The model listens for voice characteristics such as:

  • Pitch
  • Speaking pace
  • Timbre (tone colour)
  • Breathing patterns

It then clusters audio into segments that appear to belong to the same voice. The model does not recognise names or identities β€” it only knows that "this voice is different from that voice".

When does it work well?

Under ideal conditions our diarisation reaches over 95% accuracy. The conditions:

  • 2 to 4 speakers
  • Clearly distinct voices (for example male and female)
  • Good recording quality without background noise
  • Speakers do not switch too quickly (no interruptions)

When does it fail?

Difficult situations include:

  • Two people talking over each other
  • Poor recording quality (distant microphone, noise)
  • Speakers with very similar voices
  • Many speakers (more than 5 already gets tricky)

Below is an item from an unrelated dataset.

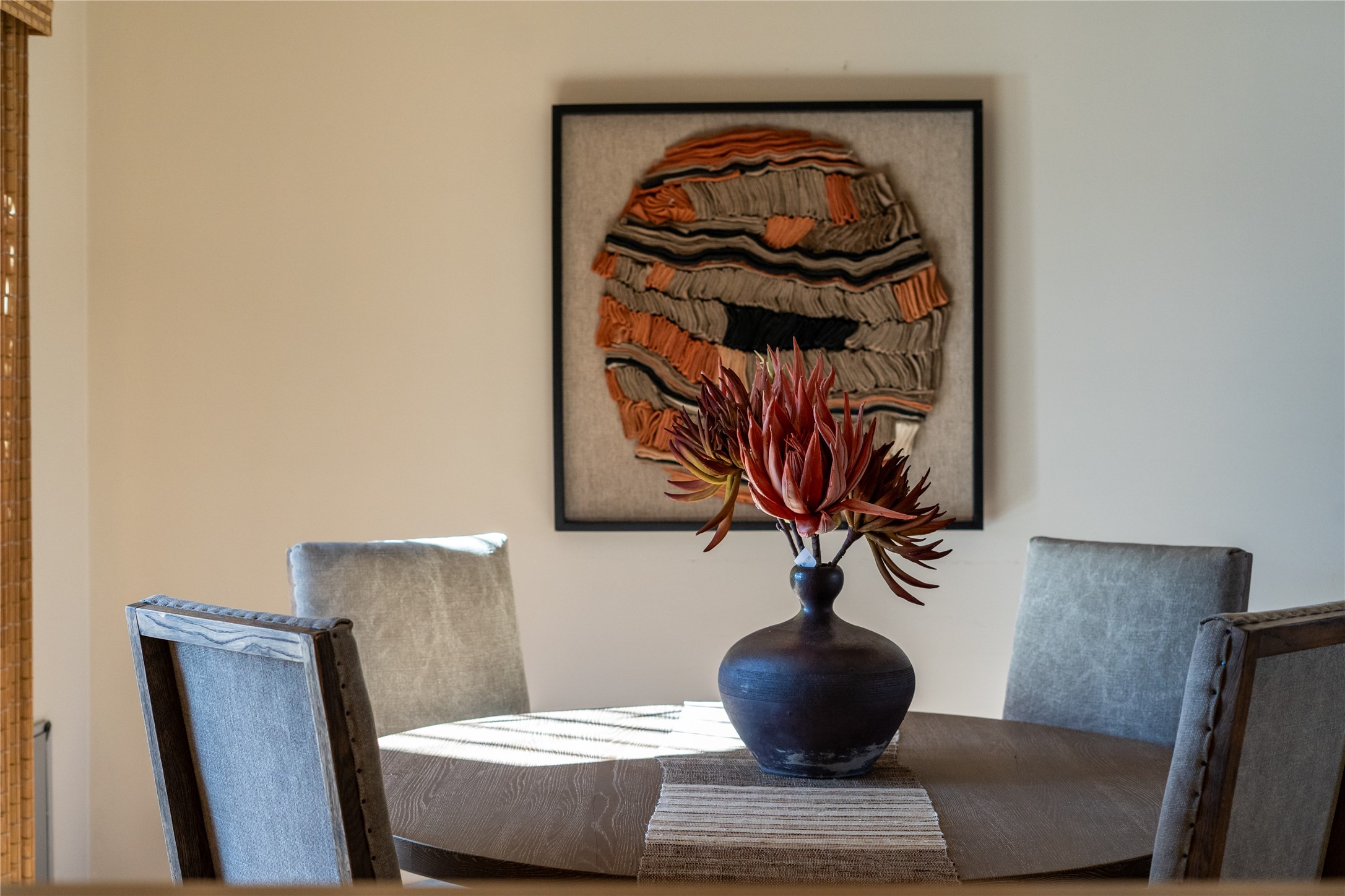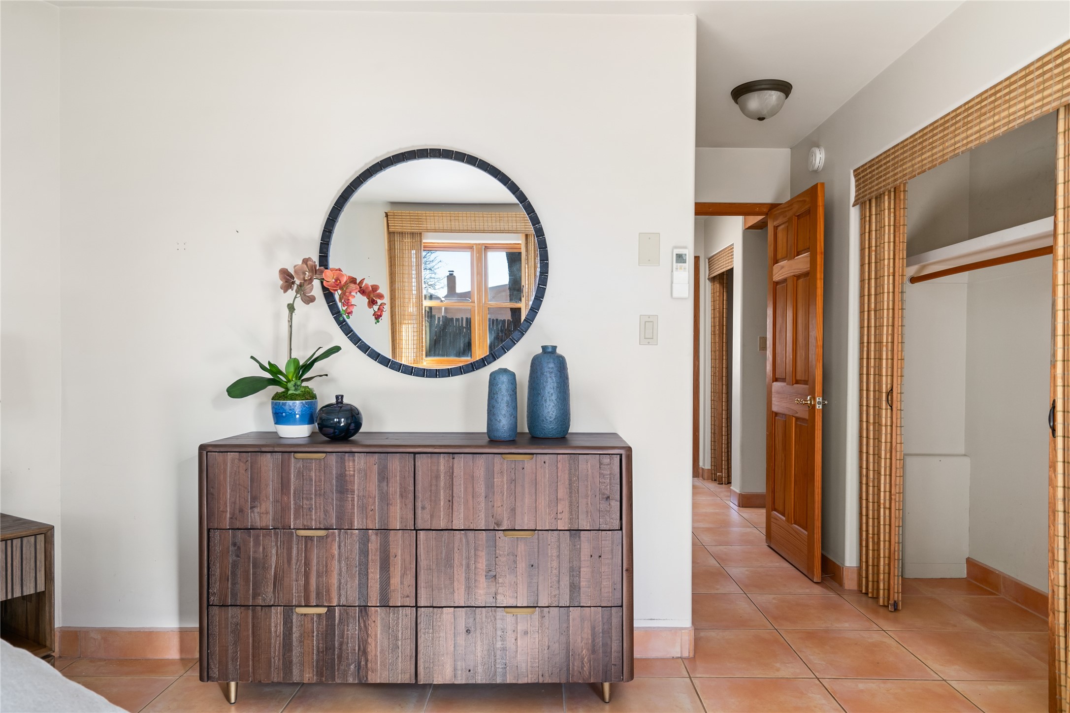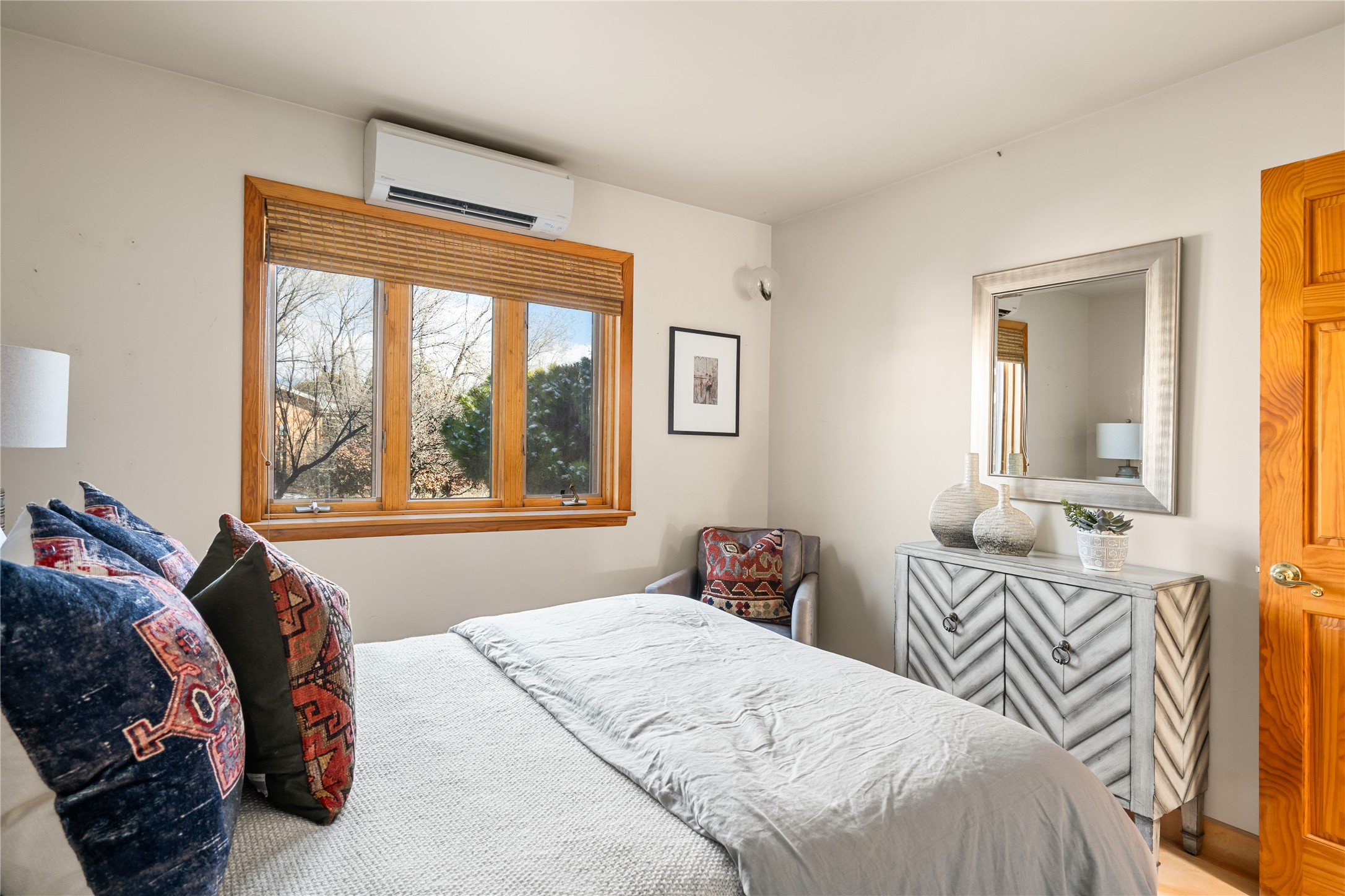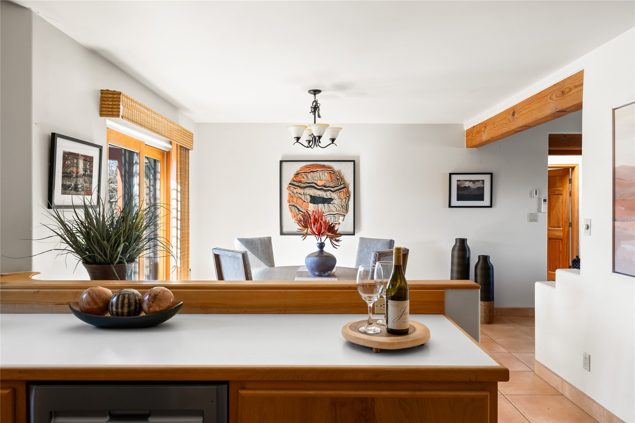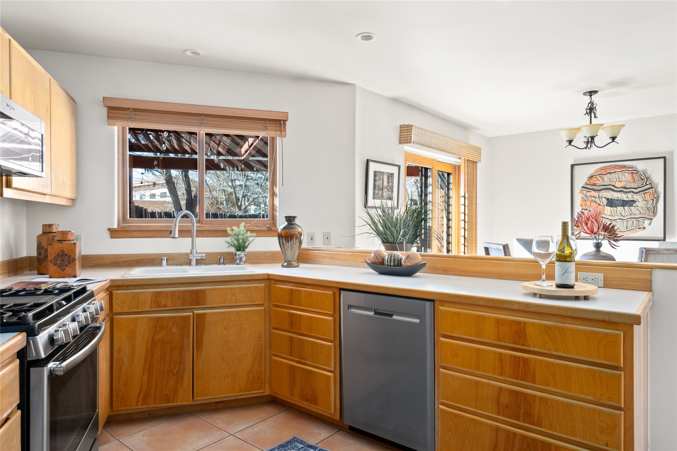Tucked away in a peaceful enclave off West Alameda, 112 Del Rio is a 2-bedroom, 2-bathroom attached home offering a charming blend of Santa Fe style and modern convenience. Just 12 minutes from the historic Plaza, this attached townhome is a rare find--quiet, private, and with no HOA fees or restrictions. Step inside to find classic Santa Fe details, including vigas and a striking red plaster kiva fireplace, the perfect place to spend a cozy winter evening. The bright and airy living space is complemented by large windows, inviting in natural light and views of the serene surroundings and the Sangre de Cristo mountains. Recently installed mini splits create year-round comfort. The home is move-in ready with a well-appointed kitchen and a fenced backyard with a patio, mature trees, and drip irrigation. The primary bedroom has an en-suite private bath as well as back patio direct access. The Santa Fe River Trail is just moments away, with endless opportunities for walking and biking downtown (it's only a 17-minute bike ride to the Plaza). With an attached one-car garage and easy access to the Plaza and the Railyard/Farmer's Market as well as the Alameda neighborhood shops and parks, this Santa Fe gem is sure to inspire you.

In those cases the AI may swap speakers or split them incorrectly. That is exactly why we always provide an edit mode where you can correct speaker labels.

Tips for better results

  • Use a good microphone β€” preferably a lavalier or headset per speaker
  • Avoid cross-talk β€” ask people to let each other finish
  • For online meetings β€” use the "per-speaker recording" option in Zoom or Teams when available; we combine them automatically
  • Test first β€” for important work, do a short test recording to check the quality

New in ForgetLess: speaker colour coding

Starting this week you will see coloured speaker labels in our transcript view. Each speaker gets their own colour, so you can grasp the structure of the conversation at a glance. Especially handy for focus groups or panel discussions.

Give it a try on your next transcript!